** Work to complete **
Reproduce the data in full, exactly.

** Task inputs **
***
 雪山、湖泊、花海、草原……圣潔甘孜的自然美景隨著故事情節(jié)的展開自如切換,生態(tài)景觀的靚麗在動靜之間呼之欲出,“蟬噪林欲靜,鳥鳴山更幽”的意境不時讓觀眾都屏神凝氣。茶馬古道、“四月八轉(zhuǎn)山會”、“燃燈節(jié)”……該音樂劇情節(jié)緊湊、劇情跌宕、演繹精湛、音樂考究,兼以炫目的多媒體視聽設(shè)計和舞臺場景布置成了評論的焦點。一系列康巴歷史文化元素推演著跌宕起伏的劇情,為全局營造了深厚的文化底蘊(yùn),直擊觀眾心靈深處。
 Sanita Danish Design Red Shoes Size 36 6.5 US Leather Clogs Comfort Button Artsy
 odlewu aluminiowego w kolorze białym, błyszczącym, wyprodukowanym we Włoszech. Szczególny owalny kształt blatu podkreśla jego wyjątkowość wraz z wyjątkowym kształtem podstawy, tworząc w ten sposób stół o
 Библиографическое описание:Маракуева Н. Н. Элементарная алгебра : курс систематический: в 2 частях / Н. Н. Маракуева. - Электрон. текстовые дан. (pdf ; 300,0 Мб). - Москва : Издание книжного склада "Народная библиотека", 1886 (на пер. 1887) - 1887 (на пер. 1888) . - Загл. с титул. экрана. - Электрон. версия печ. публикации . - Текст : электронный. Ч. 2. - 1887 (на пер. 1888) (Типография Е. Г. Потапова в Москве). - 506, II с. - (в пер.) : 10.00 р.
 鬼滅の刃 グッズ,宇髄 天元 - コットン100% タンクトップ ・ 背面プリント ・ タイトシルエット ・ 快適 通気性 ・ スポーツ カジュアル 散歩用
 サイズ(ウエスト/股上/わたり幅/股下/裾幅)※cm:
***
** Output of the task **
 雪山、湖泊、花海、草原……圣潔甘孜的自然美景隨著故事情節(jié)的展開自如切換,生態(tài)景觀的靚麗在動靜之間呼之欲出,“蟬噪林欲靜,鳥鳴山更幽”的意境不時讓觀眾都屏神凝氣。茶馬古道、“四月八轉(zhuǎn)山會”、“燃燈節(jié)”……該音樂劇情節(jié)緊湊、劇情跌宕、演繹精湛、音樂考究,兼以炫目的多媒體視聽設(shè)計和舞臺場景布置成了評論的焦點。一系列康巴歷史文化元素推演著跌宕起伏的劇情,為全局營造了深厚的文化底蘊(yùn),直擊觀眾心靈深處。
 Sanita Danish Design Red Shoes Size 36 6.5 US Leather Clogs Comfort Button Artsy
 odlewu aluminiowego w kolorze białym, błyszczącym, wyprodukowanym we Włoszech. Szczególny owalny kształt blatu podkreśla jego wyjątkowość wraz z wyjątkowym kształtem podstawy, tworząc w ten sposób stół o
 Библиографическое описание:Маракуева Н. Н. Элементарная алгебра : курс систематический: в 2 частях / Н. Н. Маракуева. - Электрон. текстовые дан. (pdf ; 300,0 Мб). - Москва : Издание книжного склада "Народная библиотека", 1886 (на пер. 1887) - 1887 (на пер. 1888) . - Загл. с титул. экрана. - Электрон. версия печ. публикации . - Текст : электронный. Ч. 2. - 1887 (на пер. 1888) (Типография Е. Г. Потапова в Москве). - 506, II с. - (в пер.) : 10.00 р.
 鬼滅の刃 グッズ,宇髄 天元 - コットン100% タンクトップ ・ 背面プリント ・ タイトシルエット ・ 快適 通気性 ・ スポーツ カジュアル 散歩用
 サイズ(ウエスト/股上/わたり幅/股下/裾幅)※cm:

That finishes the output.